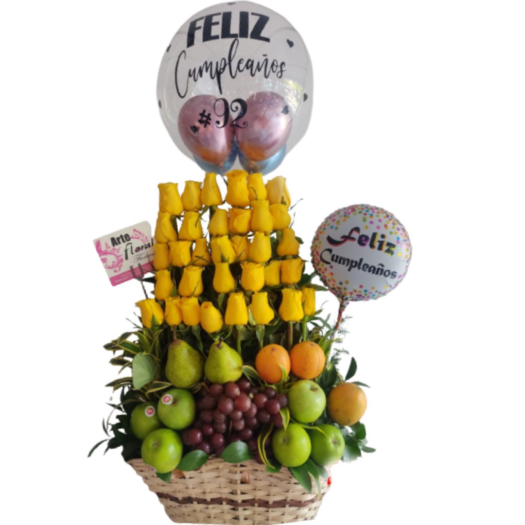 Canasta de frutas en rosas amarillas   y tarjeta impresa
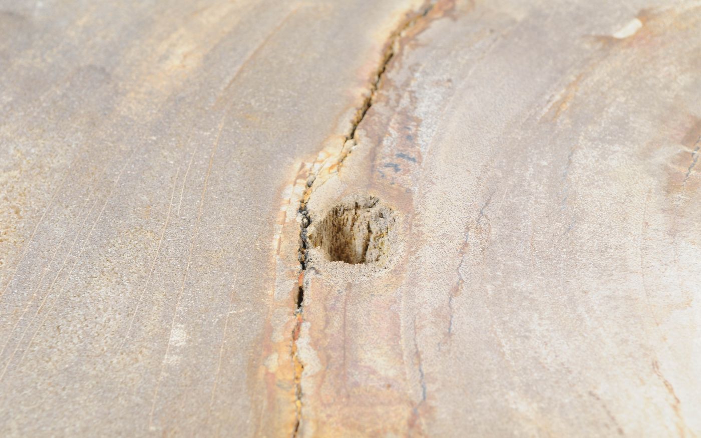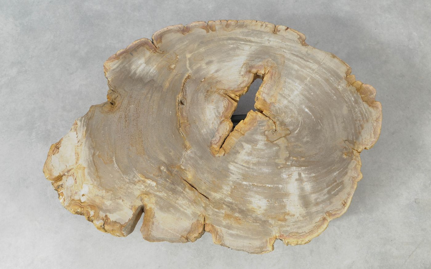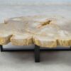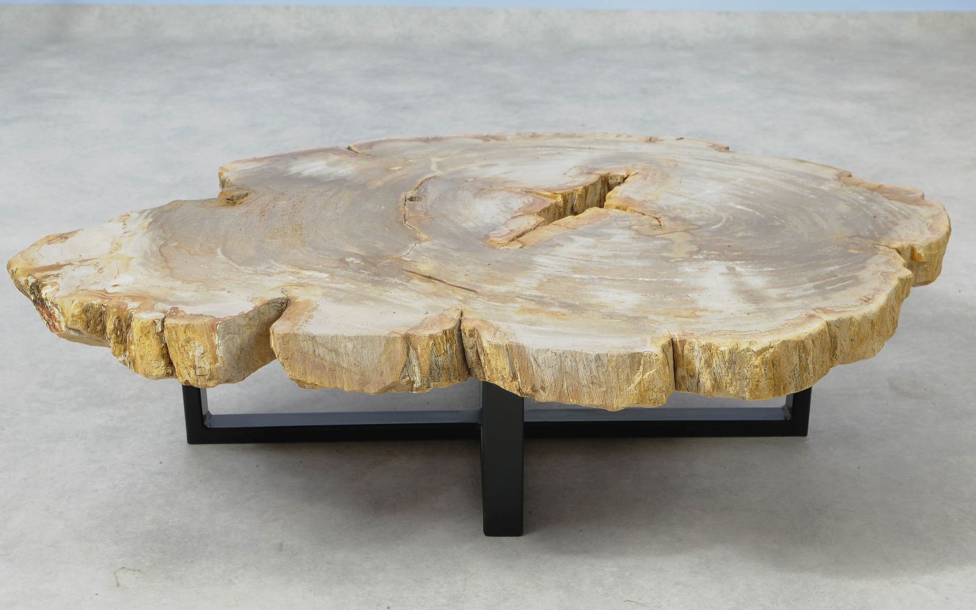 Deze unieke salontafel van versteend hout past in ieder interieur. Het tafelblad is gezaagd uit een grote versteende boom, die ongeveer 20 miljoen jaar geleden geleefd heeft. De kleuren zijn bepaald door de mineralen die het hout van deze boom vervangen hebben.
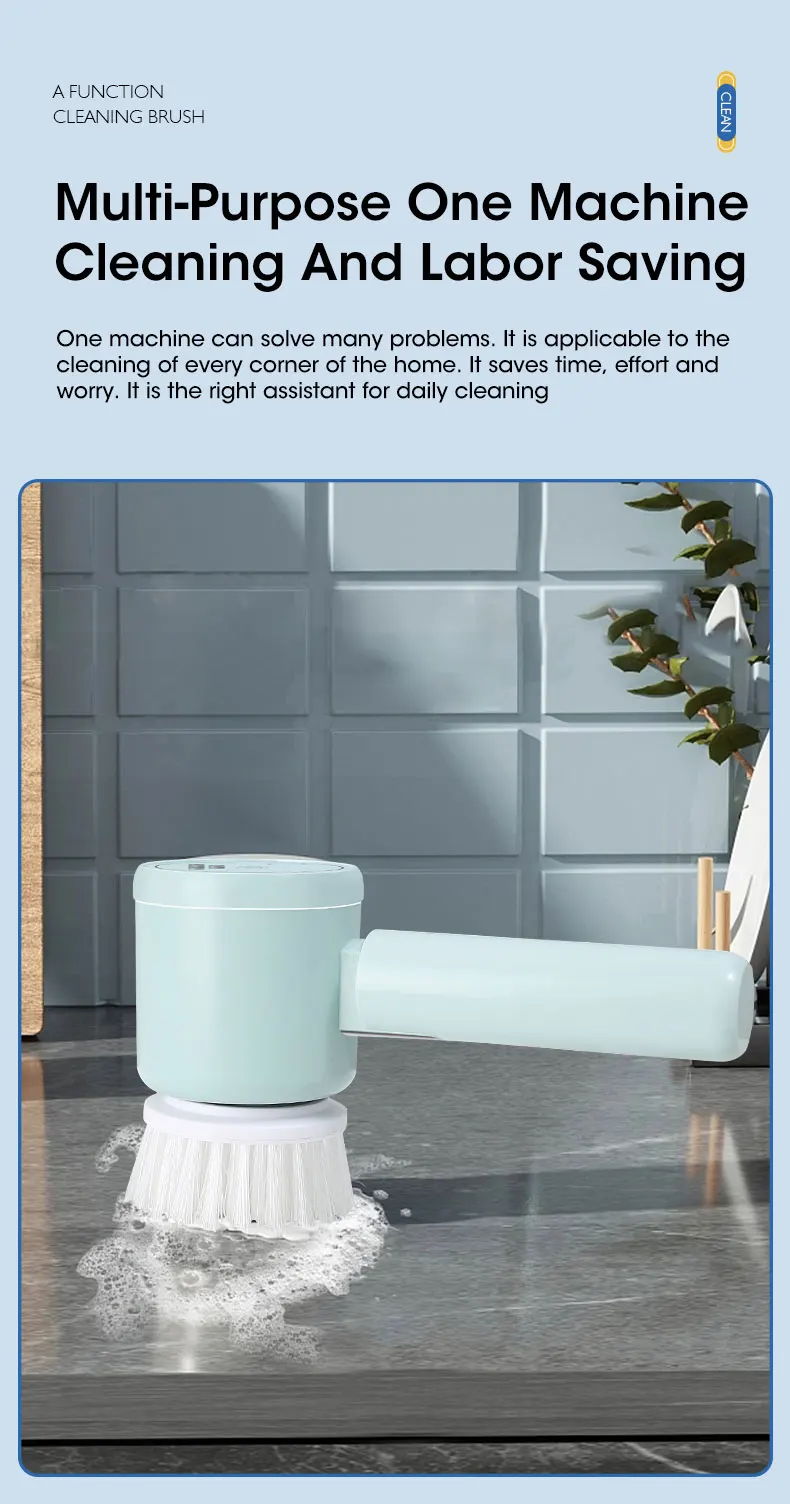Electric Spin Scrubber, Bathroom Cordless Cleaning Brush Power Scrubber with 5 Replaceable Brush Heads, Electric Cleaning Brush
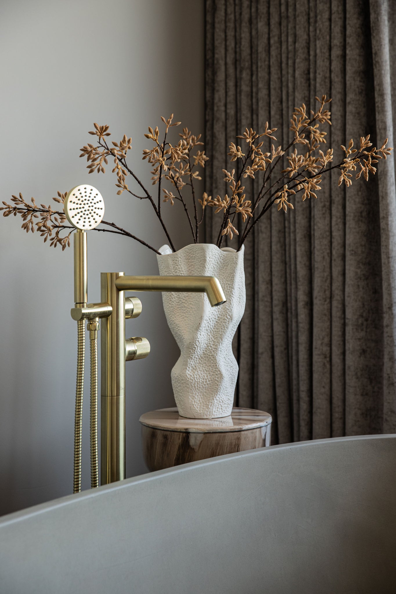 Violettee White Ceramic Wavy Vase Dot Pattern L
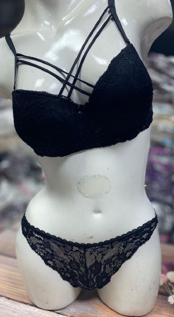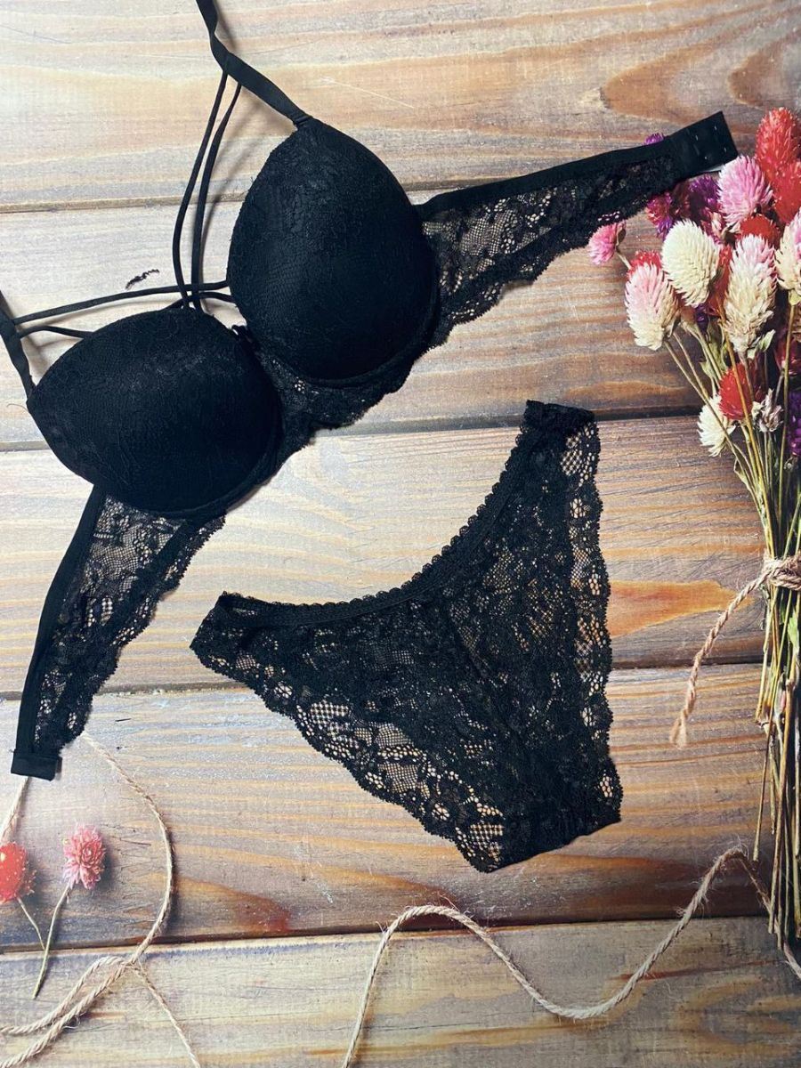 Dantelli Önden Çapraz Askılı Sütyen Takımı Siyah
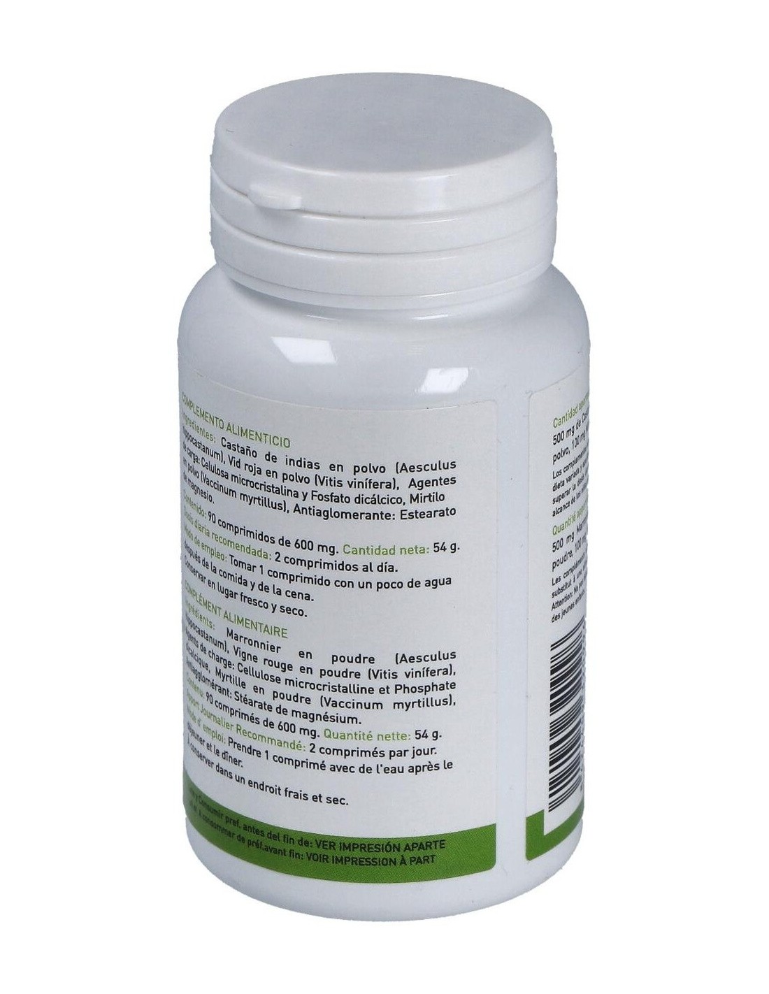 Los comprimidos están diseñados para ofrecer una dosificación cómoda y precisa, facilitando su incorporación en la rutina diaria. La combinación de castaño de indias, vid roja y myrtilo responde a criterios de selección basados en su perfil botánico y composición. Este producto se presenta en un envase que protege la calidad de sus ingredientes durante su almacenamiento.
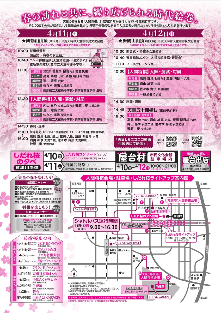 多くの方のご来場をお待ちしています。きのうの雨上がり、天童桜まつり「人間将棋」会場の舞鶴山に行ってみました!山形地方気象台が桜(ソメイヨシノ)の開花を発表しましたが、ふもとの駐車場付近は咲き始め、山頂広場でも数輪が咲いてました🌸気温の高い日が続くので、桜満開のイベントが期待されます♪
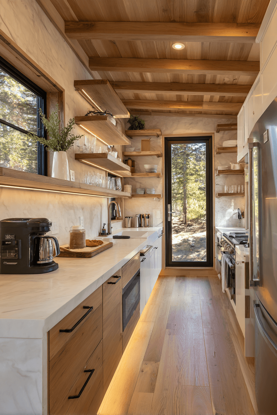 Smart kitchen planning makes tiny cabins interiors more functional while maintaining a welcoming atmosphere. Vertical storage and compact appliances keep everything within reach. Bright cabinetry and thoughtful lighting create an open feel. Efficient layouts make cooking and cleaning easier. The space becomes both practical and enjoyable. Discover kitchen designs that bring big function to small cabins.
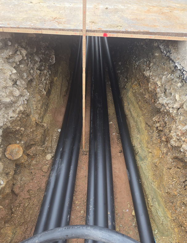 Verlegung von Abwasser-, Regenwasser- und Versorgungsrohren.
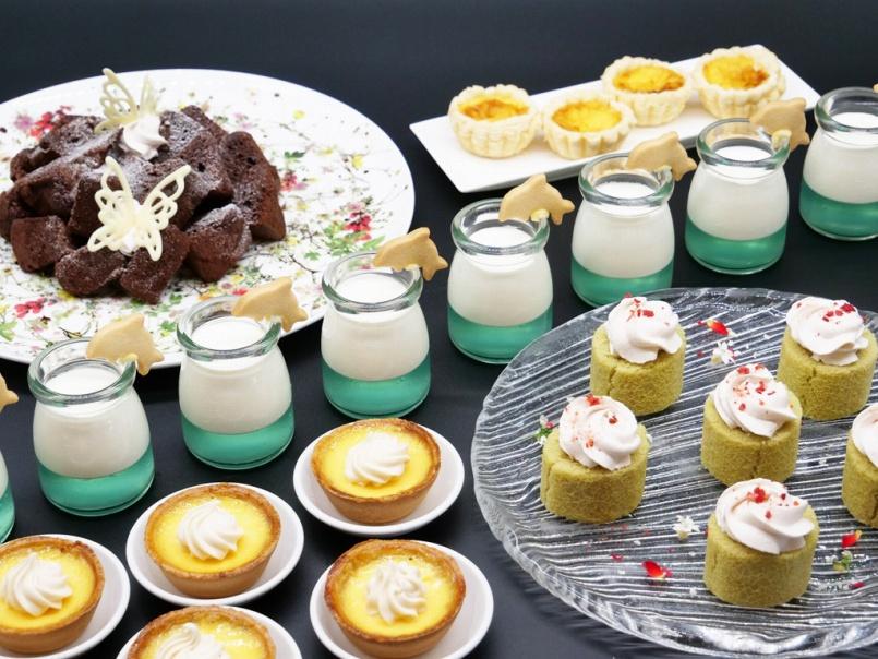 A:デザートスペシャルは毎週金曜日に追加されます。今回のリニューアルメニューのイチ押しは「アリビラ海ゼリー」と「アリビラプリンタルト」です。「アリビラ海ゼリー」は、小さな瓶にレモン風味の青色のゼリーと、白い砂浜をイメージしたチーズフロマージュ、そして生クリームを3層にして入れることで、ニライビーチの美しい情景を表現しました。イルカのクッキーを添えることで、お子様にも楽しんで召し上がっていただけると思います。「アリビラプリンタルト」は、ラウンジで人気の「アリビラプリン」をハナハナランチブッフェでも提供し、幅広いお客様に召し上がっていただきたいという思いから製作しました。「アリビラプリン」のままだとやわらかすぎて食べづらくなってしまうので、レシピはそのまま、でもランチブッフェ用に焼き時間と温度を微調整して、しっかりした形を保ちつつ、中はとろりとした食感を残すように仕上げています。上に乗せたキャラメル風味のクリームと一緒に召し上がっていただくと、プリンの味が再現できますよ。
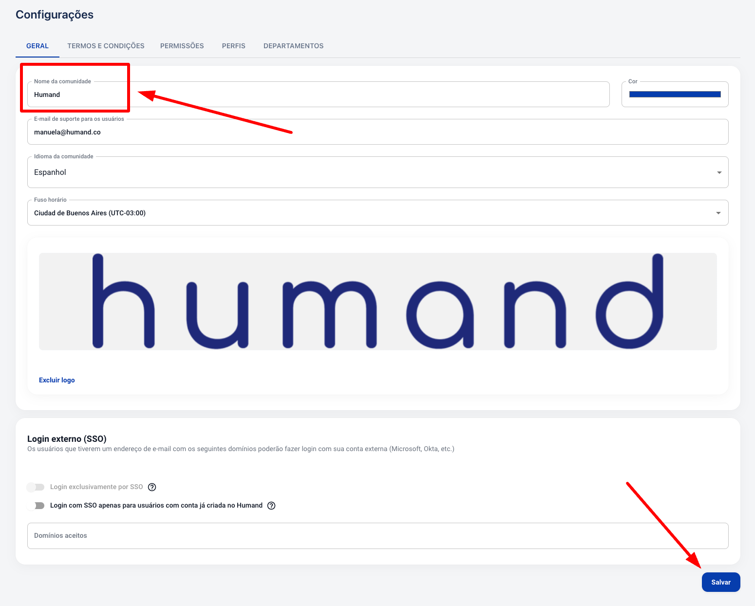 Para alterar o nome da comunidade, você deve seguir estas etapas:
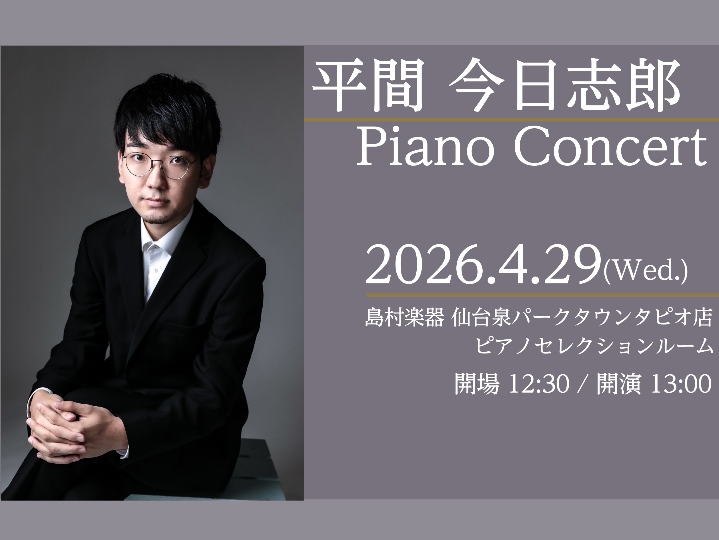 2026年4月29日(水・祝) 平間今日志郎 ピアノコンサート

◆ ◆ ◆

* WHAT THE TASK REQUIRES:
Each record above needs to be copied exactly, with images left out.

* EXERCISE ANSWER:
 Canasta de frutas en rosas amarillas   y tarjeta impresa
 Deze unieke salontafel van versteend hout past in ieder interieur. Het tafelblad is gezaagd uit een grote versteende boom, die ongeveer 20 miljoen jaar geleden geleefd heeft. De kleuren zijn bepaald door de mineralen die het hout van deze boom vervangen hebben.
Electric Spin Scrubber, Bathroom Cordless Cleaning Brush Power Scrubber with 5 Replaceable Brush Heads, Electric Cleaning Brush
 Violettee White Ceramic Wavy Vase Dot Pattern L
 Dantelli Önden Çapraz Askılı Sütyen Takımı Siyah
 Los comprimidos están diseñados para ofrecer una dosificación cómoda y precisa, facilitando su incorporación en la rutina diaria. La combinación de castaño de indias, vid roja y myrtilo responde a criterios de selección basados en su perfil botánico y composición. Este producto se presenta en un envase que protege la calidad de sus ingredientes durante su almacenamiento.
 多くの方のご来場をお待ちしています。きのうの雨上がり、天童桜まつり「人間将棋」会場の舞鶴山に行ってみました!山形地方気象台が桜(ソメイヨシノ)の開花を発表しましたが、ふもとの駐車場付近は咲き始め、山頂広場でも数輪が咲いてました🌸気温の高い日が続くので、桜満開のイベントが期待されます♪
 Smart kitchen planning makes tiny cabins interiors more functional while maintaining a welcoming atmosphere. Vertical storage and compact appliances keep everything within reach. Bright cabinetry and thoughtful lighting create an open feel. Efficient layouts make cooking and cleaning easier. The space becomes both practical and enjoyable. Discover kitchen designs that bring big function to small cabins.
 Verlegung von Abwasser-, Regenwasser- und Versorgungsrohren.
 A:デザートスペシャルは毎週金曜日に追加されます。今回のリニューアルメニューのイチ押しは「アリビラ海ゼリー」と「アリビラプリンタルト」です。「アリビラ海ゼリー」は、小さな瓶にレモン風味の青色のゼリーと、白い砂浜をイメージしたチーズフロマージュ、そして生クリームを3層にして入れることで、ニライビーチの美しい情景を表現しました。イルカのクッキーを添えることで、お子様にも楽しんで召し上がっていただけると思います。「アリビラプリンタルト」は、ラウンジで人気の「アリビラプリン」をハナハナランチブッフェでも提供し、幅広いお客様に召し上がっていただきたいという思いから製作しました。「アリビラプリン」のままだとやわらかすぎて食べづらくなってしまうので、レシピはそのまま、でもランチブッフェ用に焼き時間と温度を微調整して、しっかりした形を保ちつつ、中はとろりとした食感を残すように仕上げています。上に乗せたキャラメル風味のクリームと一緒に召し上がっていただくと、プリンの味が再現できますよ。
 Para alterar o nome da comunidade, você deve seguir estas etapas:
 2026年4月29日(水・祝) 平間今日志郎 ピアノコンサート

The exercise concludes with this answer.